Shane, it seems, followed the Twitter conventional wisdom. But at least he gave his reasons and said how he thinks Zac should have handled himself.
I beg to differ with much of what Shane says. Yes, Zac did wave his arms about too much. Yes, perhaps he did spend a little too much time calling for Snow to make an apology, but I thought he was a long way from making a fool of himself. Indeed, he was understandably indignant as he felt his integrity was being impugned. I thought Zac was far more convincing than his interlocutor, Jon Snow, who, I thought, emerged from the encounter not only with a large dollop of egg on his face but many questions to answer.
I'm not going to enter the debate about electoral law. Fifteen years ago I knew it like the back of my hand, but not now. But one thing I do know. If you want to petition an election result, you do it through the courts, not through the Electoral Commission.

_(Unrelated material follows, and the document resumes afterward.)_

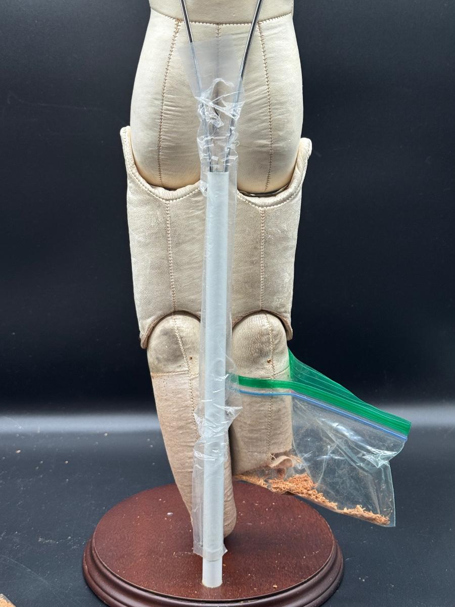 One lower leg is present but detached at the knee.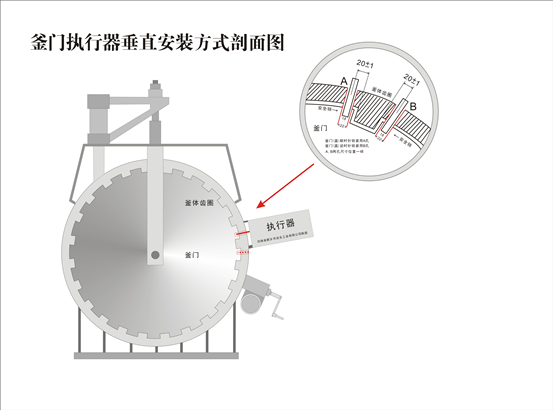 2.3.2.將壓力容器的快開門裝置關(guān)好,使其處于鎖緊閉合到位,確認(rèn)鎖緊及開啟方向,按《安全聯(lián)鎖裝置安裝圖》規(guī)定,在外齒圈鎖緊時的前進(jìn)方向,距殼體內(nèi)齒圈前端20±1mm在齒圈上畫安全銷孔橫中心線,兩點交叉處為銷孔圓心。

But the main point of this blogpost is not to debate whether Zac did well or not. It is to point out how rare it is for politicians, or anyone for that matter, to turn the tables on an interviewer. It should happen more often, especially on programmes like Newsnight or Today or Five Live (but clearly not LBC, natch!). The thing politicians need to remember is that most of the time they will know more about the subject than their interviewer. If asked a difficult question, or a stupid question, I often throw it back to the interviewer and ask: "What do you mean by that?" The terror in their eyes is a joy to behold. It's a really good thing to do to smartarse interviewers. I know. Someone did it to me once and my mouth flapped like a goldfish.
The thing is to know how far to go and when to stop. Perhaps Zac went too far in making his initial point, but he was totally within his rights to make it, and Jon Snow didn't do his, or Channel 4 News's credibility any good at all in trying to deal with the allegation that C4 News wouldn't let Zac on the previous evening to defend himself live.